I computed the characteristics to be

$\begin{align} \dot{\vec{x}}(s) &= \vec{x}(s)\\ \dot{z}(s)&=\vec{x}(s)\cdot\vec{p}(s)=az(s) \end{align}$

where I used the notation from Evans - PDE, that is

$\vec x(s)=(x_1(s),x_2(s))$ being the initial curve and $z(s):=u(\vec{x}(s))$ with $\vec p(s):=Du(\vec{x}(s))$, where $D$ is the gradient.
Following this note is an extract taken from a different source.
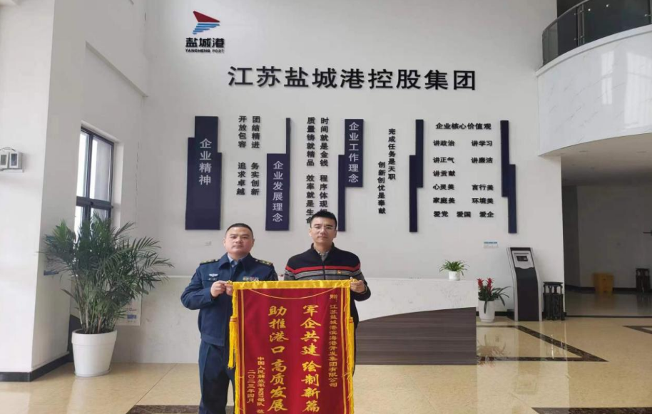 一直以來,鹽城港人具有著很深的“雙擁”情結,始終站在支持國防事業的高度,立足促進軍民融合的角度,確保軍企共建工作落地、落實、落細、落好。此次港區獲贈錦旗,是對港區工作的莫大支持和鼓勵。濱海港區將會以此為動力,不負重托、不辱使命,進一步深化軍民融合發展新格局,奮力為國防事業和駐地軍隊現代化建設作出新的更大貢獻。

With my characteristics I furthermore get,

$\displaystyle \begin{align} \frac{\mathrm{d} x_1}{\mathrm{d}s}&=x_1 \Rightarrow x_1(s)=e^{s}c_1 \\ \frac{\mathrm{d} x_2}{\mathrm{d}s}&=x_2 \Rightarrow x_2(s)=e^{s}c_2\\ \frac{\mathrm{d}\, z(s)}{\mathrm{d}s}&=az(s) \Rightarrow z(s)=e^{as}c_3 \end{align}$

I am given the condition that along the curve $\{x,1\},\, x\in\mathbb{R}$ the initial values $\phi(x)$ are given.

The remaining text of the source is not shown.